___ Exercise materials
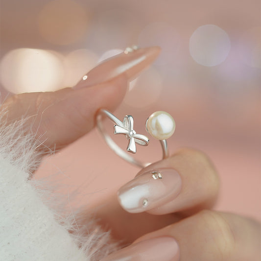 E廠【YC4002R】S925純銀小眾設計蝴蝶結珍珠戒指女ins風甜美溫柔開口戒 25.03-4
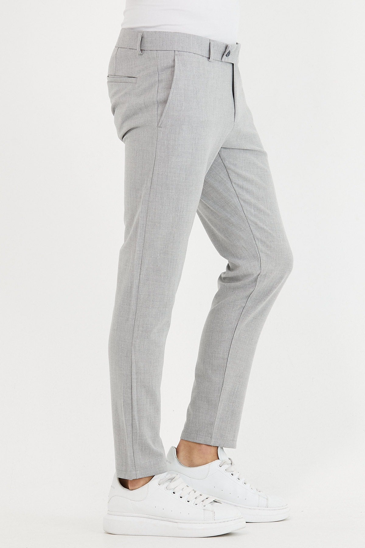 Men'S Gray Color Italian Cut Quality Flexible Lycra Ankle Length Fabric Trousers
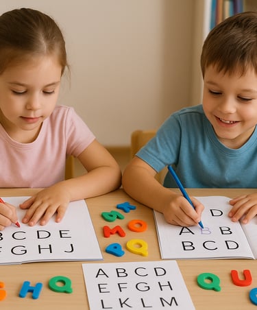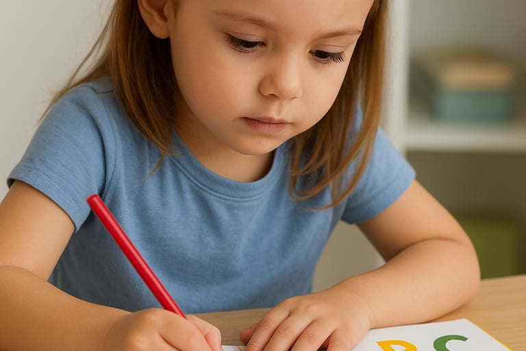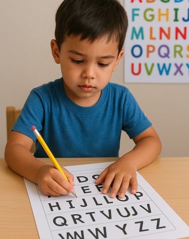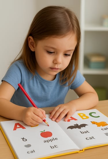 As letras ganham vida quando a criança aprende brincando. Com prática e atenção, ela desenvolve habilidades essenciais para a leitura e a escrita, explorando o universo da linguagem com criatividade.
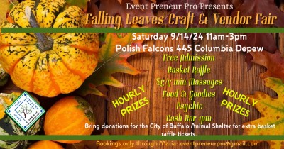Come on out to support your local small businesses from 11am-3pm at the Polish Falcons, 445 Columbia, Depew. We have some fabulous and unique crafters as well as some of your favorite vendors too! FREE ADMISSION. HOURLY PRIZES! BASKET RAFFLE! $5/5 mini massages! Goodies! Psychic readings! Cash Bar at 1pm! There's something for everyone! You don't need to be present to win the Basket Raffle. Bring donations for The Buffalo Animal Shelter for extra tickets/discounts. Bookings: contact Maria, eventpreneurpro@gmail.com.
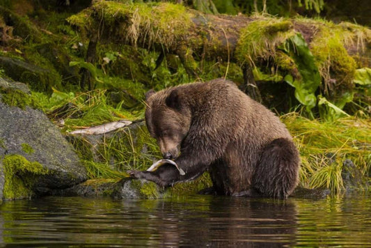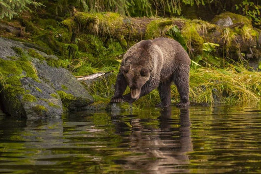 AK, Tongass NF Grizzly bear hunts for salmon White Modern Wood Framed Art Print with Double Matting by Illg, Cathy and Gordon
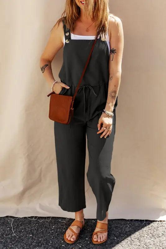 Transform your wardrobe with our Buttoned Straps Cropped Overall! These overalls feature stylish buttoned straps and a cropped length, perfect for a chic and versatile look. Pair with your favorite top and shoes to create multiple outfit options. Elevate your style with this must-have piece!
______
## What to work on:
Quote exactly the lines from the one that contains "Come on out" through the end of the listing above, both ends included, leaving out the pictures.

## Your response:
Come on out to support your local small businesses from 11am-3pm at the Polish Falcons, 445 Columbia, Depew. We have some fabulous and unique crafters as well as some of your favorite vendors too! FREE ADMISSION. HOURLY PRIZES! BASKET RAFFLE! $5/5 mini massages! Goodies! Psychic readings! Cash Bar at 1pm! There's something for everyone! You don't need to be present to win the Basket Raffle. Bring donations for The Buffalo Animal Shelter for extra tickets/discounts. Bookings: contact Maria, eventpreneurpro@gmail.com.
 AK, Tongass NF Grizzly bear hunts for salmon White Modern Wood Framed Art Print with Double Matting by Illg, Cathy and Gordon
 Transform your wardrobe with our Buttoned Straps Cropped Overall! These overalls feature stylish buttoned straps and a cropped length, perfect for a chic and versatile look. Pair with your favorite top and shoes to create multiple outfit options. Elevate your style with this must-have piece!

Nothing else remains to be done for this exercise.